Best model:  ARIMA(0,1,1)(0,1,0)[12]          
Total fit time: 2.802 seconds

# View model results
arima_model.summary()
# step5, predict the time series and compare with the real value
pred = pd.DataFrame(arima_model.predict(n_periods=12),columns=['predicted'],index=test.index)
plt.plot(train)
plt.plot(test,label='true')
plt.plot(pred,label='predict')
plt.legend()

3.4 Vector Autoregression model

What we discussed above are univariate problems, and the real world is often more complex. At this time, we will expand the AR model from univariate to multivariable. The characteristic of multivariable model is that there are several groups of parallel time series, and these times affect each other.

Consider a scenario of three groups of parallel time series data. Under the second-order condition, the formula is as follows:

y = ϕ 0 + ϕ 1 ∗ y t − 1 + ϕ 2 ∗ y t − 2 y=\phi_0+\phi_1*y_{t-1}+\phi_2*y_{t-2} y= ϕ 0​+ ϕ 1​∗yt−1​+ ϕ 2 * YT − 2, y and ϕ 0 \phi_0 ϕ 0 is a vector of 3 * 1, ϕ 1 , ϕ 2 \phi_1,\phi_2 ϕ 1​, ϕ 2 is a matrix of 3 * 3

It can also be seen from the formula that the variables of VAR model increase rapidly with the increase of order. Therefore, this method should be tried only when the interaction relationship between different time series is expected. VaR is useful in some scenarios:

  • Test whether a variable affects other variables
  • A large number of variables need to be predicted, and analysts do not have much domain knowledge
  • Determine to what extent a prediction is caused by potential causality
import matplotlib.pyplot as plt
import pandas as pd
import numpy as np
from statsmodels.tsa.stattools import adfuller
from statsmodels.tsa.api import VAR
from statsmodels.tsa.stattools import grangercausalitytests
from statsmodels.tsa.vector_ar.vecm import coint_johansen
from statsmodels.stats.stattools import durbin_watson
%matplotlib inline
# Step 1: import data, which is an economic data with eight indicators
df = pd.read_csv('data/Raotbl6.csv', parse_dates=['date'], index_col='date')
df.head()
# Draw eight time series images
fig, axes = plt.subplots(nrows=4, ncols=2,figsize=(10,6))
for i, ax in enumerate(axes.flatten()):
    data = df[df.columns[i]]
    ax.plot(data, color='red', linewidth=1)
    ax.set_title(df.columns[i])
plt.tight_layout()

# Step 2: Granger's Causality Test to test the interaction between different sequences
maxlag=12
test='ssr_chi2test'
variables=df.columns
def grangers_causation_matrix(data, variables, test='ssr_chi2test', verbose=False):    
    df = pd.DataFrame(np.zeros((len(variables), len(variables))), columns=variables, index=variables)
    for c in df.columns:
        for r in df.index:
            test_result = grangercausalitytests(data[[r, c]], maxlag=maxlag, verbose=False)
            p_values = [round(test_result[i+1][0][test][1],4) for i in range(maxlag)]
            min_p_value = np.min(p_values)
            df.loc[r, c] = min_p_value
    df.columns = [var + '_x' for var in variables]
    df.index = [var + '_y' for var in variables]
    return df

grangers_causation_matrix(df, variables = df.columns)

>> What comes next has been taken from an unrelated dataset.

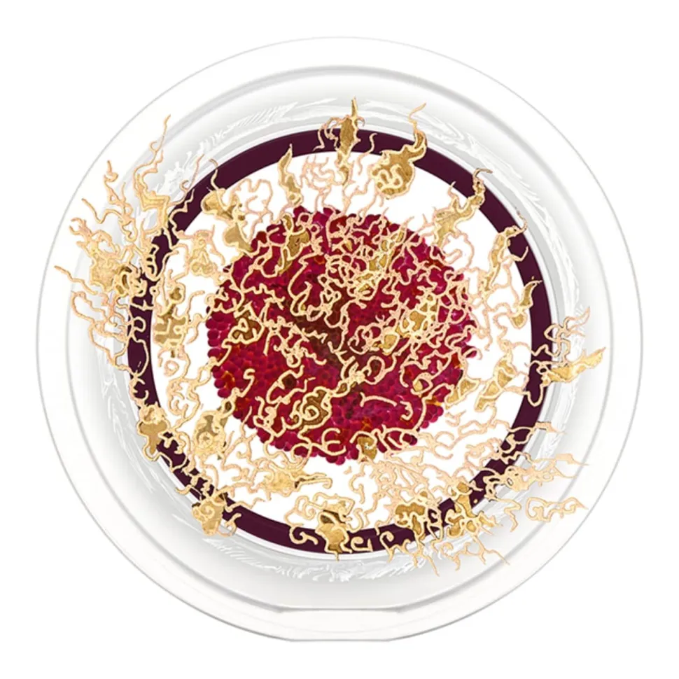 A l’arrière, le presse-papiers est décoré d’arabesques, réalisées grâce à la technique du sablage. Ces dernières évoquent des flammes pleines de vie. Ces arabesques sont peintes à la main à partir d’or 24 carats.

# step3: ADF test to check whether a single variable is stable
def adfuller_test(series, signif=0.05, name='', verbose=False):
    r = adfuller(series, autolag='AIC')
    output = {'test_statistic':round(r[0], 4), 'pvalue':round(r[1], 4), 'n_lags':round(r[2], 4), 'n_obs':r[3]}
    p_value = output['pvalue'] 
    def adjust(val, length= 6): return str(val).ljust(length)

    # Print Summary
    print(f'    Augmented Dickey-Fuller Test on "{name}"', "\n   ", '-'*47)
    print(f' Null Hypothesis: Data has unit root. Non-Stationary.')
    print(f' Significance Level    = {signif}')
    print(f' Test Statistic        = {output["test_statistic"]}')
    print(f' No. Lags Chosen       = {output["n_lags"]}')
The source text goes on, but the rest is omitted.